After Jesus had risen from the grave, the chief priests and elders offered a large bribe to Roman guards to say his body had been stolen while they slept. They further offered to run interference with the governor, should word of the missing body get back to him. These chiefs and elders were the supposed spiritual leaders of the Jewish people. Among the laws they represented was a prohibition on bearing false witness. To do so warranted punishment equal to whatever the wronged party would have suffered. Yet because they convinced themselves they were doing right, the hypocrisy did not matter to them.
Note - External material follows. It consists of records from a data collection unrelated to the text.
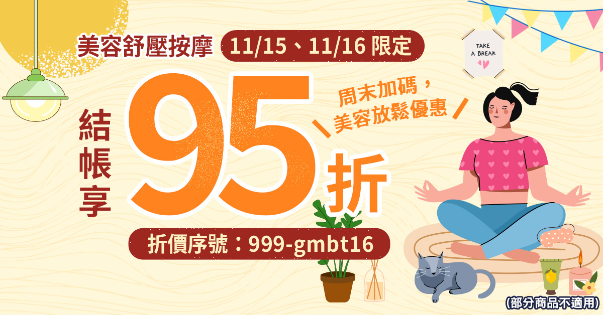 - 活動時間內使用 Gomaji 全平台購買美容舒壓按摩頻道商品完成付款為主,折價序號兩天限量1,000份,一人限用一次,先用先贏。
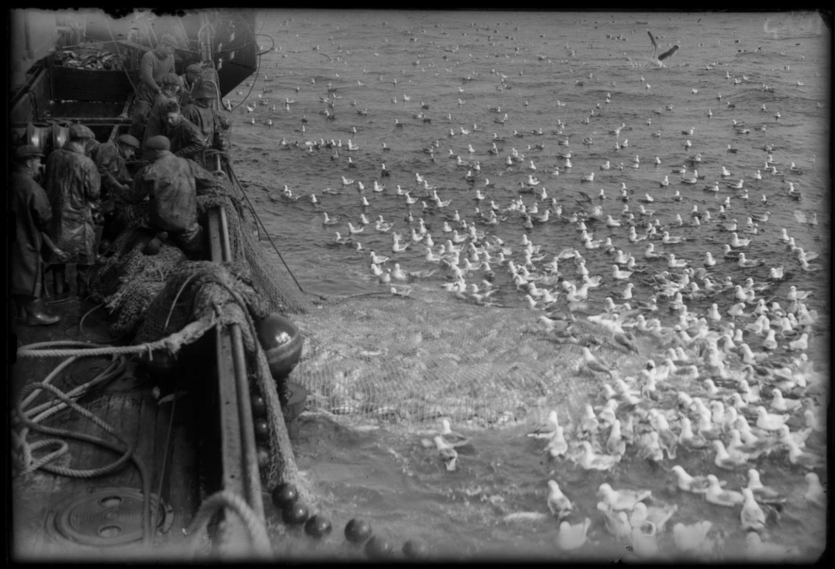 Um borð í togara. Sést niður á þilfar stjórnborðsmegin og flýtur trollið með fiski í við síðuna. Menn á þilfarinu, flestir klæddir sjótstakk og með húfur, einn með sjóhatt, annar á peysu. Fuglager.
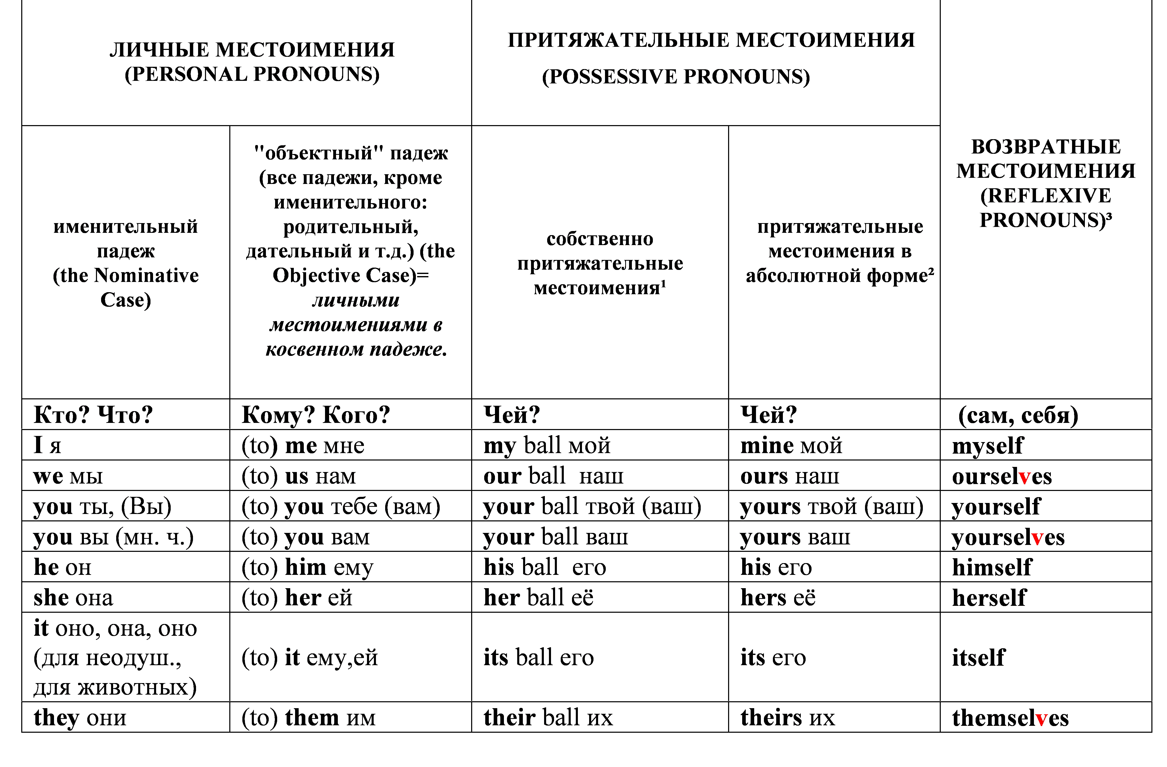 English pronouns таблица
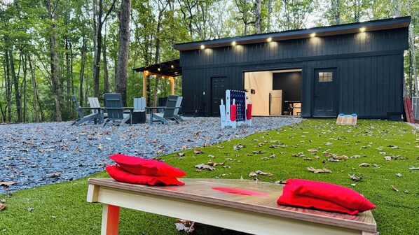 Directly outside the game room is a regulation turf area set up for lively cornhole games. Gather your family for a fun-filled competition or simply relax and enjoy the beautiful mountain views.

Double standards are pernicious, especially when we believe our cause is just. It’s natural to overlook flaws in the people and institutions we favor, and exaggerate them in those we don’t. Doing so, however, undermines our integrity, our credibility, and ultimately the cause we serve. For people of integrity, good ends do not justify bad means. The righteous who resort to unrighteous tactics destroy the thing they hope to preserve. Consciously hold your friends, your enemies, and yourself to the same standards. Let us be less concerned with whether we “win” … and more with whether we witness to Christ.

Comfort: Losing is no shame if you lose with integrity.

Challenge: Over the next week, pay to attention to the double standards of your own views, especially around religion and politics.

Prayer: God of Justice, open my eyes to my own short sightedness. Amen.

Discussion: What double standards bother you the most?